The African/European plate convergence during the Eocene developed a complex tectonic regime, in which both extensional and compressional movements induced the initiation of several large scale trough trending northwest-southeast. The troughs later evolved as sub-basins and were filled by sediments supplied from the south of the Corsiga-Sardinia massif. Due to the progressive development of the foreland system from east to west, the sub-basins were successively deformed and filled by sand-rich turbiditic systems onlapping its margins. The sediment influx was mainly longitudinal from southeast to northwest (Joseph et al., 2000).
The thickness of the sandstones deposits is very variable, ranging from a few hundreds of meters on structural highs to more than one thousand meters in deep sub-basins (Joseph et al., 2000).
Well exposed cliffs located near the town of Annot are known as the Scaffarels or Chambre du Roi outcrops and correspond to the proximal part of Annot sub-basin. This proximal area is very sand-rich and characterized by the development of deeply incised ephemeral channels, filled by pebbly to coarse-grained high density sandy turbidites. The outcrop thicknesses can reach 120 m. At their base, they pinch-out by onlap of the successive sand units onto Blue Marls paleoslope.
The sand units generally present a more or less tabular shape; however, Joseph et al. (2000) in analyzing of photo-panels notes that these tabular sand units contain large incised erosional channels (several meters deep) which truncate previous deposits. The filling of the major erosional channels is composed of massive sand units, which may up to 40 m thick, without obvious diastems. These units are composed of pebbly to very coarse sandstone 1 to 8 m thick, organized in amalgamated beds. Frequently, the base of the beds is strongly erosive, but the amalgamation may be marked only by the existence of thin horizons of granules and small pebbles.
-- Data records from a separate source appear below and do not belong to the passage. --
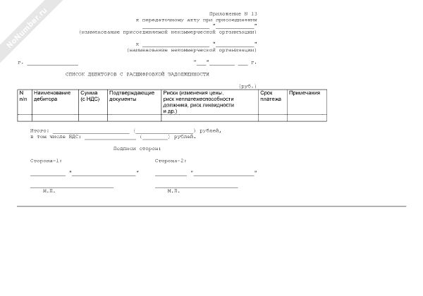 - 149Список дебиторов с расшифровкой задолженности (приложение к передаточному акту при присоединении некоммерческой организации к некоммерческой организации)
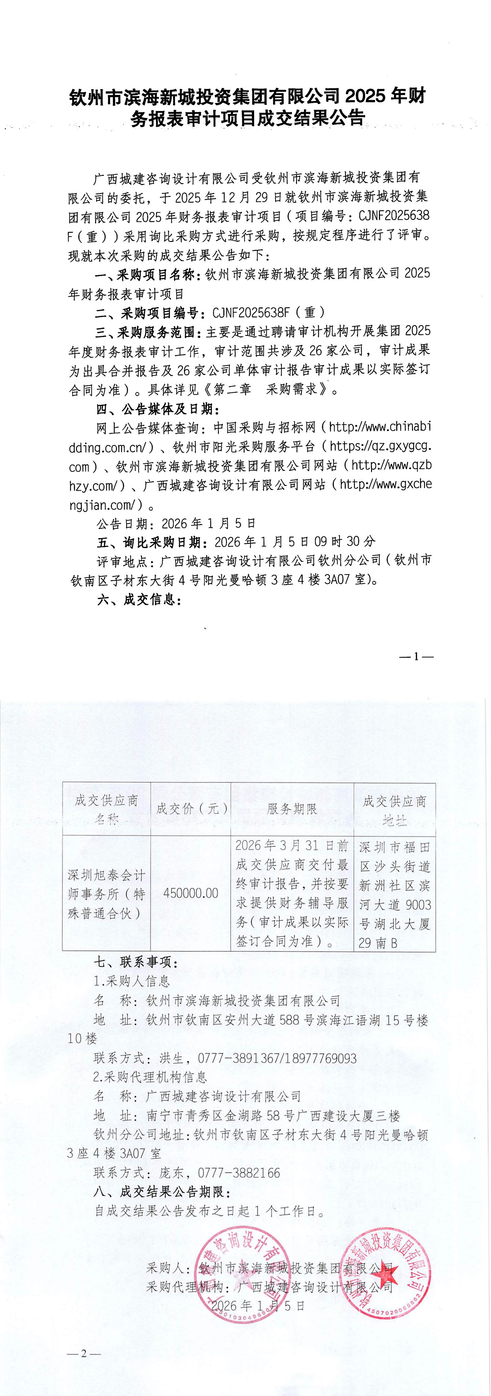 欽州市濱海新城投資集團有限公司2025年財務報表審計項目成交結果公告
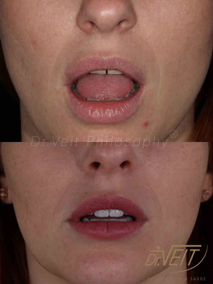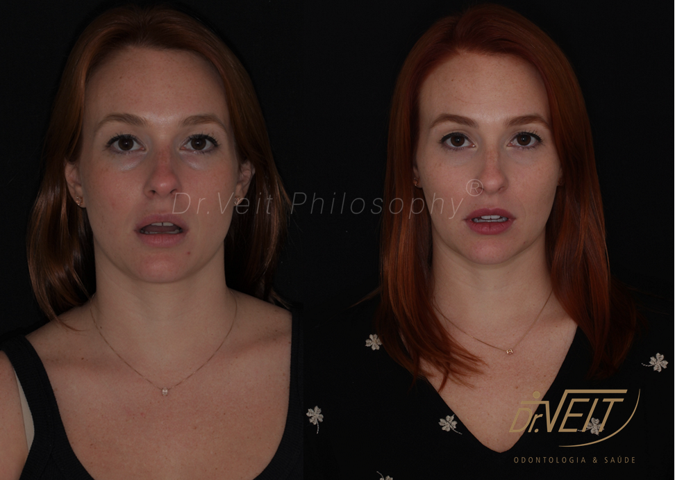 Paciente jovem com queixa estética e grande desgaste nos dentes da frente, com redução da dimensão vertical.
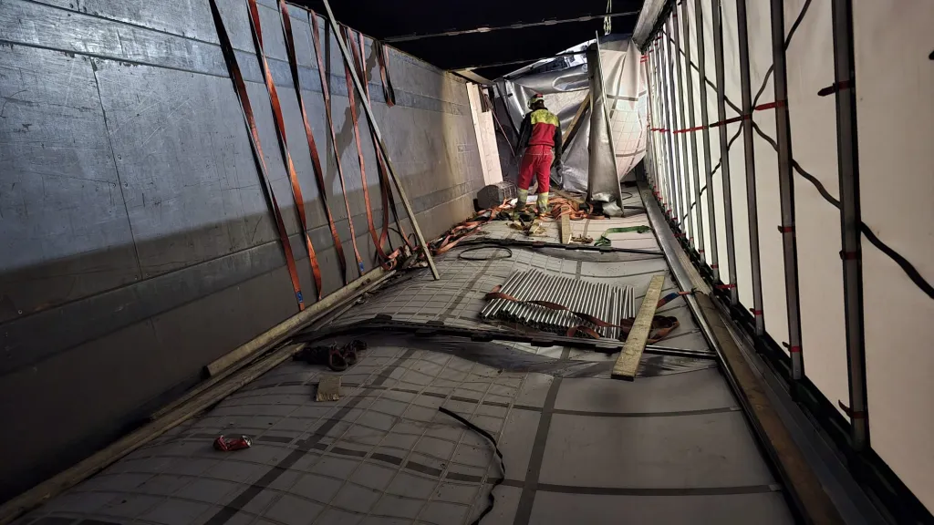 Ačkoliv byl náklad železných kulatin na návěsu řádně zajištěn upevňovacími popruhy, v důsledku havárie došlo k jeho mírnému posunu. Vzhledem k extrémní hmotnosti 22 tun oceli nebylo možné soupravu vyprostit v naloženém stavu.
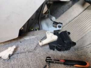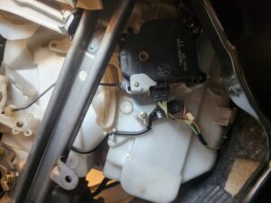 サーモスタット交換して水温が安定したものの暖房の利きが悪いまま。前からキーONにすると足元からモーターの作動音みたいなのがしていてどんどんひどくなってきていました。
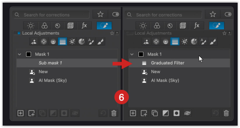 To integrate the Graduated Filter in the sameMask 1 … now use e.g. < Shift + GF >.
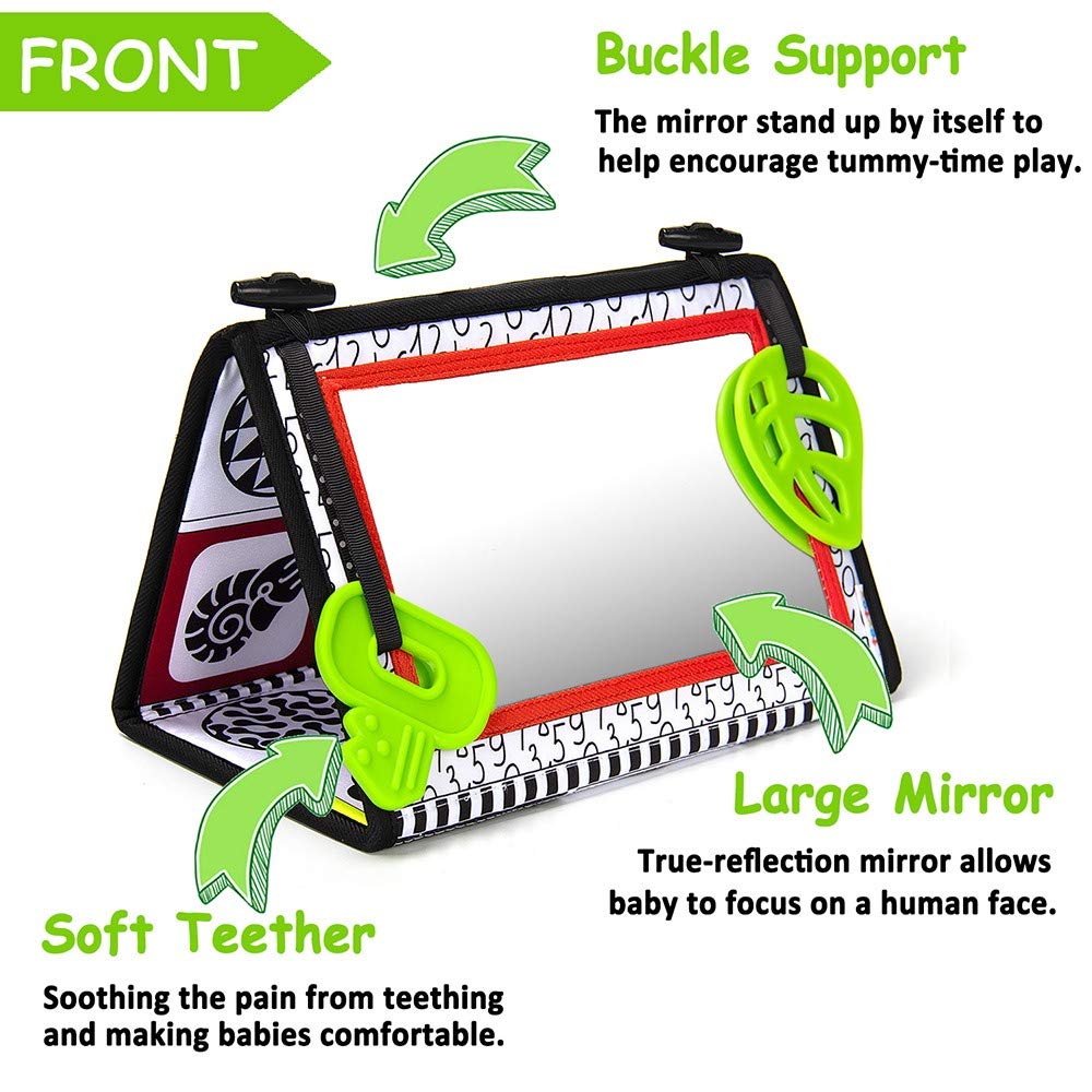 • ★ CAPTURING YOUR CHILD'S ATTENTION JUST GOT A LOT EASIER - Baby 2-in-1 Crib & Floor Mirror,The Play Activity Mirror invites your child to explore their own image or to experiment with different tactile textures. Baby Black and White toys are the perfect sensory toy for babies.
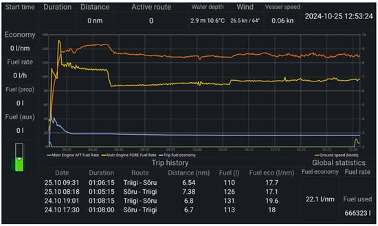 Data for this study were obtained from the Vessmon (v. 300-05.000.01) Energy Monitoring System (EMS) data from the double-ended ferry MV Soela. This system was developed and installed by the Estonian shipbuilder Baltic Workboats (Nasva Harbor, Saaremaa, Estonia). The platform is integrated, collecting and analyzing real-time data (see Figure 1) using multiple variables and inputs. It monitors fuel flow, engine load, and environmental conditions to compile and assess high-resolution energy usage profiles for each subsystem. Additionally, performance alerts are recorded to improve the system’s analysis.
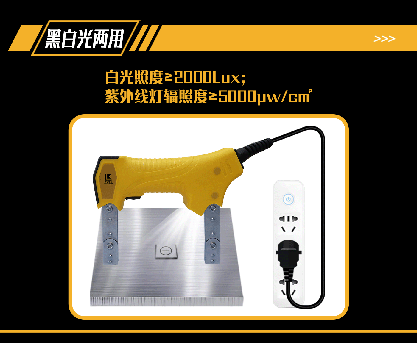 2、D型探頭具有紫外線、白光照明模式,采用按鍵切換;可以熒光磁粉探傷及普通磁粉探傷。
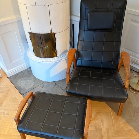 Både fåtölj och fotpall är i absolut toppskick, som nya. Mycket sparsamt använda, inga fläckar, inget slitage och ingen nedsutten stoppning. Stadig konstruktion och mycket hög sittkomfort.
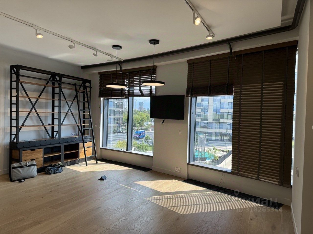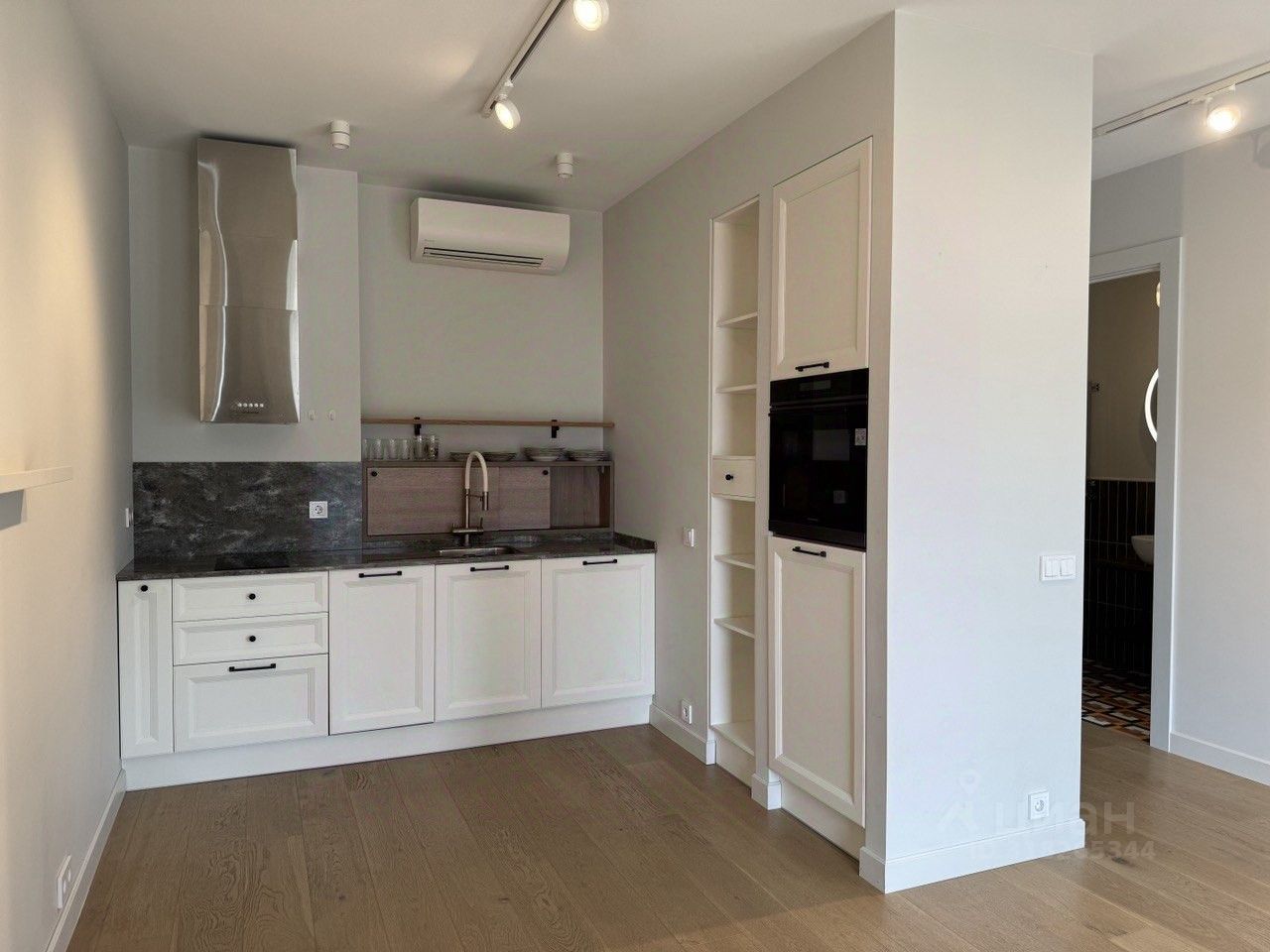 Из мебели предоставляется только стеллаж (опционно, можем забрать в случае ненадобности). Все остальное: кухня, санузел, встроенная техника, встроенные шкафы, телевизор, остается.
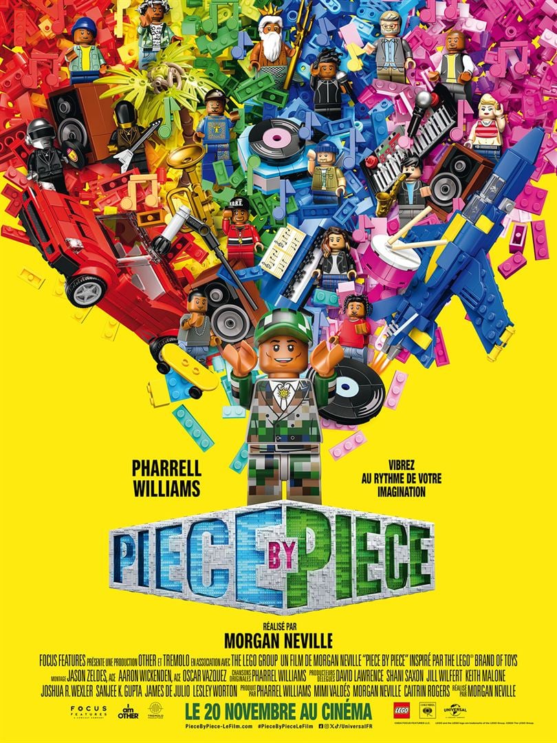 Résumé : PIECE BY PIECE est une expérience cinématographique unique qui invite le public à un voyage passionnant à travers la vie de celui qui est devenu l’emblème de la pop culture : Pharrell Williams. Au gré du prisme d’une animation LEGO®, laissez libre cours à votre imagination et assistez à l’évolution de l’un des esprits les plus innovants de la musique actuelle (synopsis officiel).
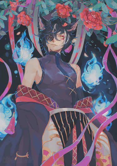 #digitalart #anime #animedrawing #animeboy #digitalpainting #portrait #characterillustration #comm #commission #digitalartwork #fantasyart #fantasycharacter #halfbody #japanese #magic #red #sparkles #halfbodycommission
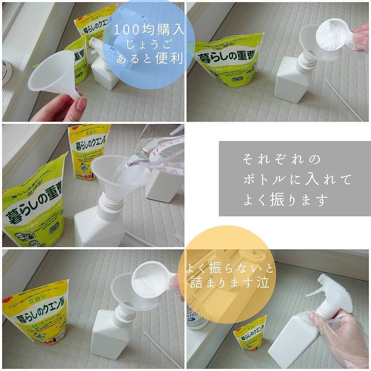 スプレーボトルに水を入れ、クエン酸を入れてよく溶かします。クエン酸は水によく溶けるので、入れすぎないように注意しましょう。

The basal part of the beds includes sometimes coarse-grained traction carpets and more frequently decimeter-thick mud pebbles of shale or marls. The middle part of the beds is well-graded and marked by a slight increase in grain size. The upper part of the beds is commonly composed of a coarse to medium-grained sandstone having parallel and convolute laminations. No shale breaks and no heterolithic levels have been found. This facies association is associated to high-density turbidites of ephemeral erosive channels.
More tabular sand beds can occur with thickness commonly lesser than 3m, rarely erosive at the base. Heterolithic levels occur interbedded with tabular sand beds and are composed of an alternation of decimeter-thick layers of marls and silts with thin-bedded low-density turbidites (5 to 40 cm thick). These sand turbidites are fine- to medium-grained, often bioturbated, and display a lot of parallel ripples and convolute laminations. The thickness of individual beds varies rapidly and packages of several beds can disappear in a few tens of meters. This facies association may reach a thickness of a few meters that corresponds to a strong decrease in the sand supply or towards overbank deposits (Joseph et al., 2000).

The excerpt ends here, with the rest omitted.